■ **TASK DIRECTIONS**
Below this line are records; write out exactly the lines from the one containing "シール下のバンダナ本体には、「GUARANTEED FAST COLOR」「ALL" through the one containing "OJI-01 Ojibwa Casino", with the pictures left out.

■ **INFORMATION**
>>

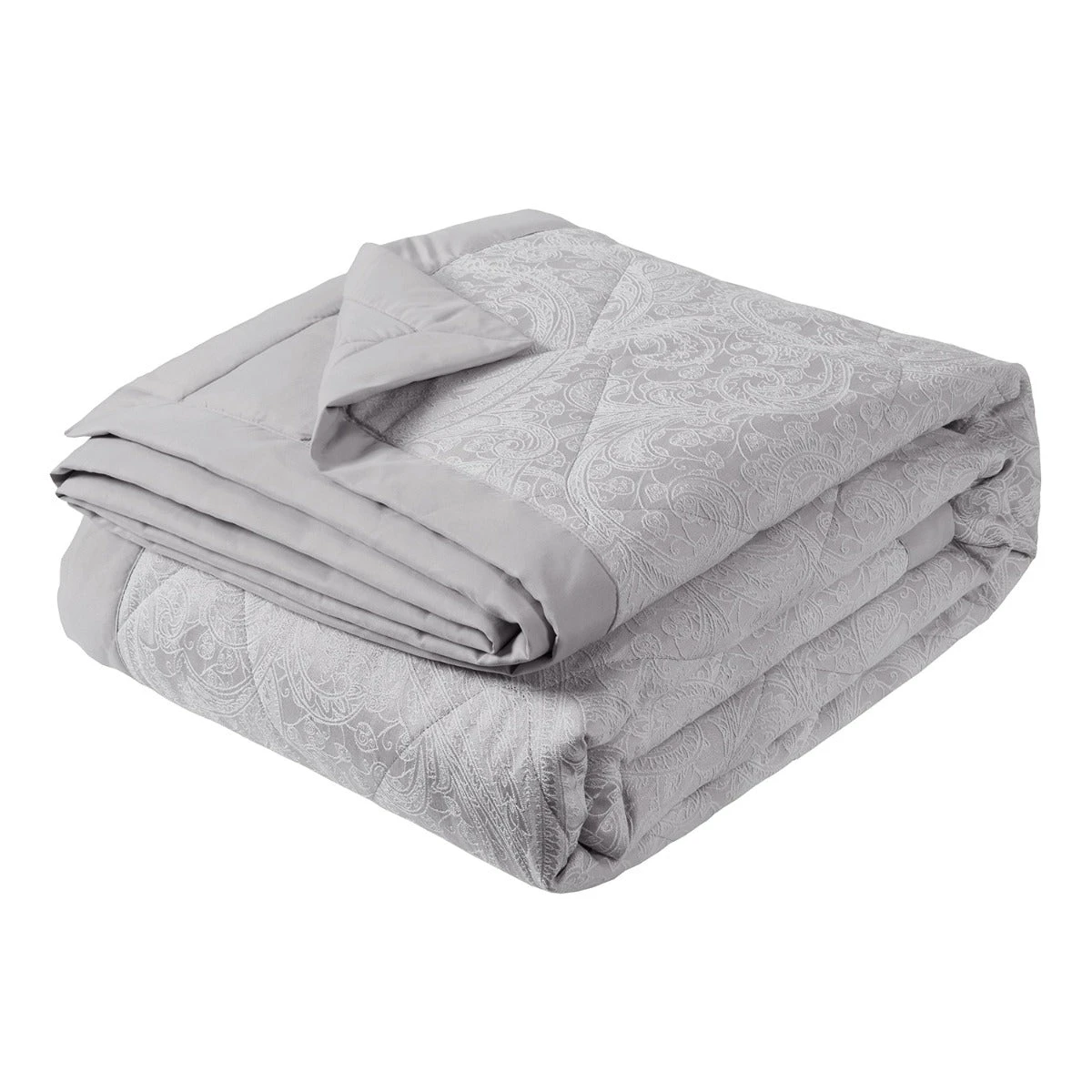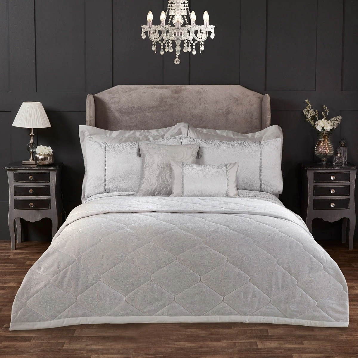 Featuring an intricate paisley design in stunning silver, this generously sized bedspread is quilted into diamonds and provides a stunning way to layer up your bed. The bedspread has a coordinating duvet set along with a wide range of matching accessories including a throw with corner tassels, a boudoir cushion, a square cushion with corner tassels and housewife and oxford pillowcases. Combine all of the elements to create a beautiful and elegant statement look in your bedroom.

<<
>>

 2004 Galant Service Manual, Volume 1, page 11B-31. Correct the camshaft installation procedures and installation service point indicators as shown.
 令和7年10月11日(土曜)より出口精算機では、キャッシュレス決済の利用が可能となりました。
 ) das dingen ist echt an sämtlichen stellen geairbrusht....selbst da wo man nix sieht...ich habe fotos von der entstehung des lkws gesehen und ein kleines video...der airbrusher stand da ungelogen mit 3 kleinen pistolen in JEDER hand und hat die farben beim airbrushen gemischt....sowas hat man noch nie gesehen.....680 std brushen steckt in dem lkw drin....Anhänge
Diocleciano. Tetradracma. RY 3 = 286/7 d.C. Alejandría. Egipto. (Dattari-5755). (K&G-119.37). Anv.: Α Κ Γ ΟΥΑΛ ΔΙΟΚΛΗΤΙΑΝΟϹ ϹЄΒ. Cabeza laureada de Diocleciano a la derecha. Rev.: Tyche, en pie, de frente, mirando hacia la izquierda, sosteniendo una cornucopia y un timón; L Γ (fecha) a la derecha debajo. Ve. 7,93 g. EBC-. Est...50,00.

<<
>>

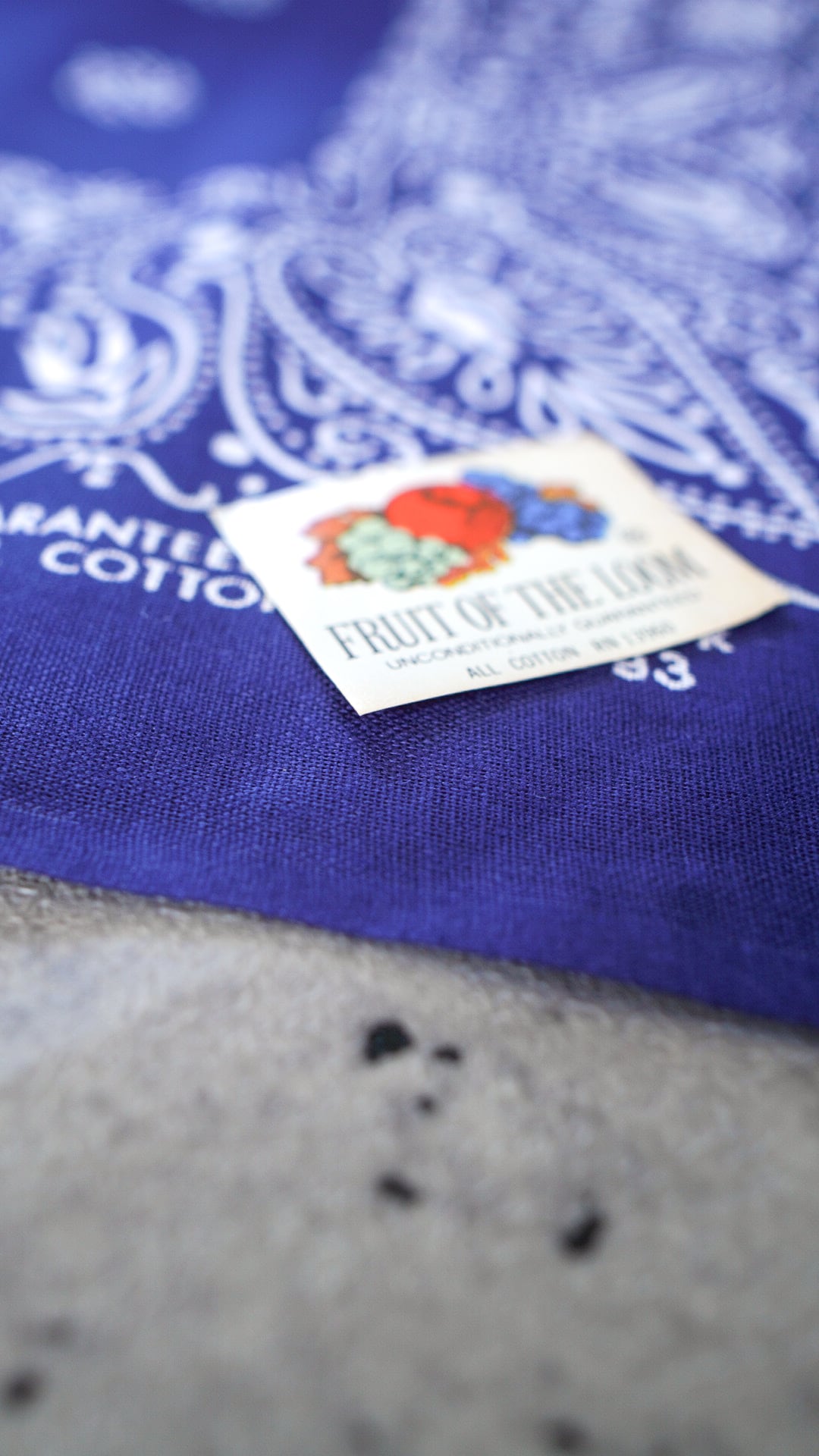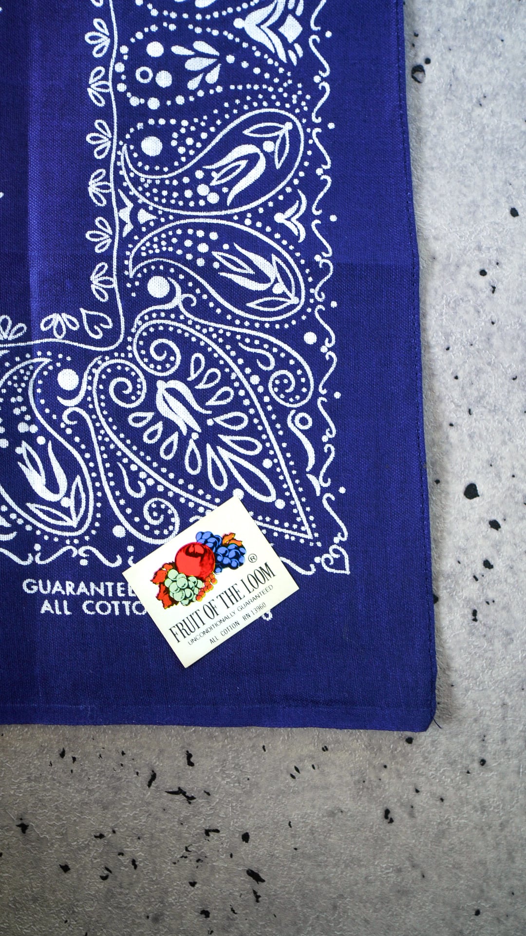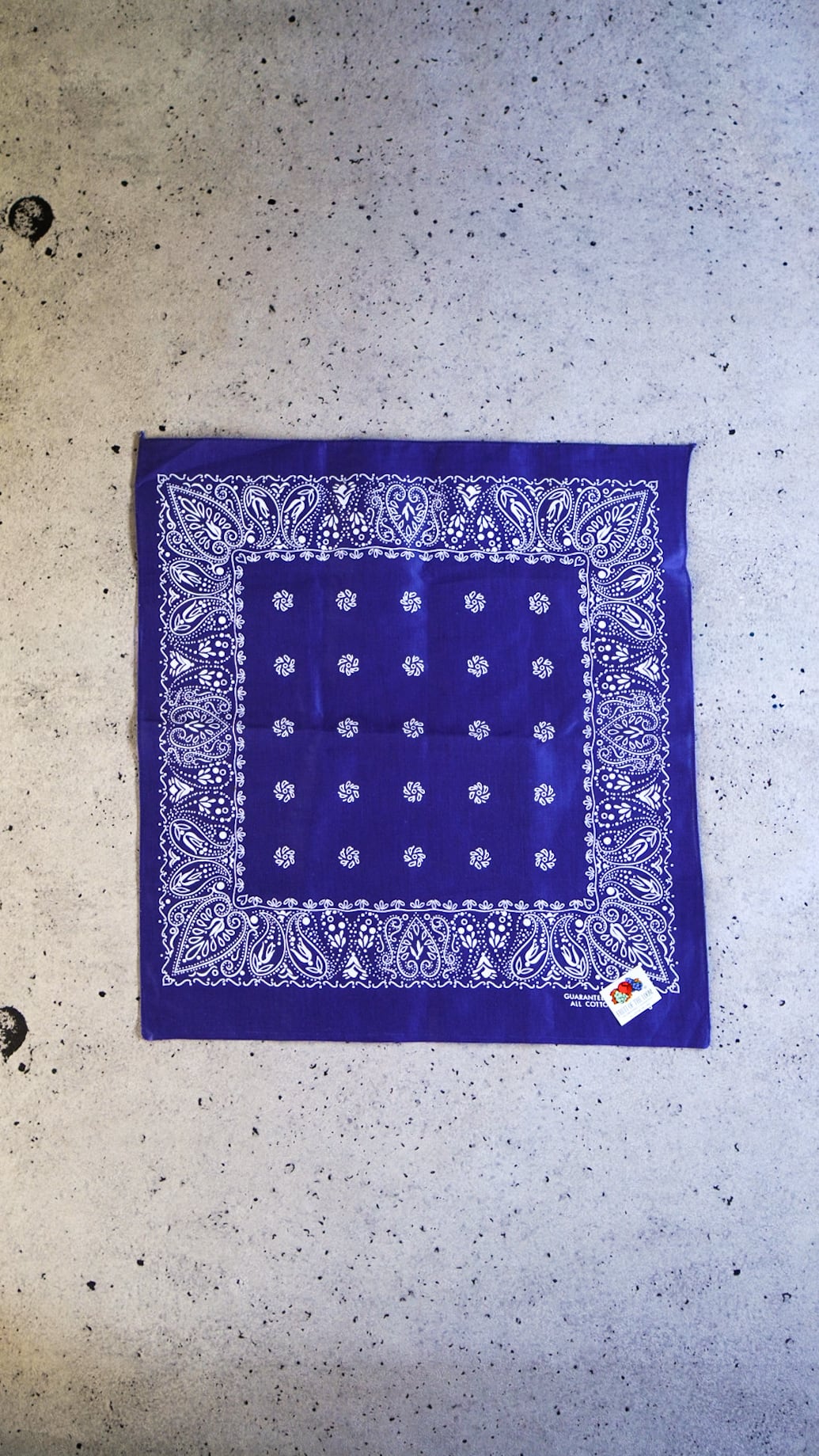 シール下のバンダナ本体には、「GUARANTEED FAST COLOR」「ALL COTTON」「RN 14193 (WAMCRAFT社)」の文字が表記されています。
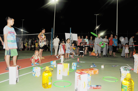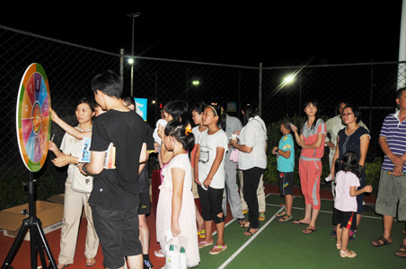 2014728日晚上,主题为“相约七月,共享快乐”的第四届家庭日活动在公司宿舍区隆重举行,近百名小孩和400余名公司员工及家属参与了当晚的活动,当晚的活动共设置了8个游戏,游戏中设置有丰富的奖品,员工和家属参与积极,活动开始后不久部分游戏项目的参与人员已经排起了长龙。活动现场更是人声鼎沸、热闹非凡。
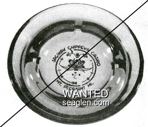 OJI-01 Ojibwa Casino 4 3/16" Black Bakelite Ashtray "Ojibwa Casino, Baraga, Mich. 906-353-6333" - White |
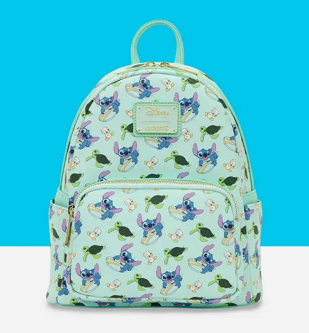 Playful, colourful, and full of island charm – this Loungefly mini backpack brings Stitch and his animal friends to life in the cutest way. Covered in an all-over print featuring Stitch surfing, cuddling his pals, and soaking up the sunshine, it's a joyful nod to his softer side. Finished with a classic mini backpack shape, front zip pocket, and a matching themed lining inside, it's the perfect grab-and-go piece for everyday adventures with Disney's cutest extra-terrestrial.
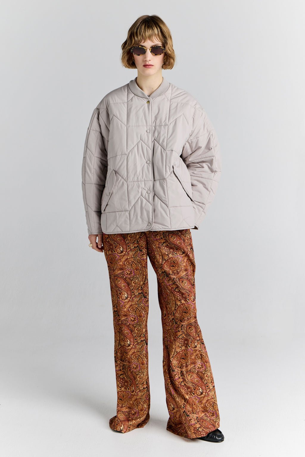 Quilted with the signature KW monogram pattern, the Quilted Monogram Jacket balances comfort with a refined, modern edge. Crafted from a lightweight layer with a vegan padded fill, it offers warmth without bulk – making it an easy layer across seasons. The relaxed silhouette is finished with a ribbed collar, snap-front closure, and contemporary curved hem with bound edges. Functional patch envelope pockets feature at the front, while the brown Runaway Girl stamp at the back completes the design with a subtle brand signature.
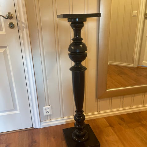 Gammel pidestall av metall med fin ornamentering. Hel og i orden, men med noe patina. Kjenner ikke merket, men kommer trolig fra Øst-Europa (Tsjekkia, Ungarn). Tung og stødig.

<<

■ **EXPECTED ANSWER**
 シール下のバンダナ本体には、「GUARANTEED FAST COLOR」「ALL COTTON」「RN 14193 (WAMCRAFT社)」の文字が表記されています。
 2014728日晚上,主题为“相约七月,共享快乐”的第四届家庭日活动在公司宿舍区隆重举行,近百名小孩和400余名公司员工及家属参与了当晚的活动,当晚的活动共设置了8个游戏,游戏中设置有丰富的奖品,员工和家属参与积极,活动开始后不久部分游戏项目的参与人员已经排起了长龙。活动现场更是人声鼎沸、热闹非凡。
 OJI-01 Ojibwa Casino 4 3/16" Black Bakelite Ashtray "Ojibwa Casino, Baraga, Mich. 906-353-6333" - White |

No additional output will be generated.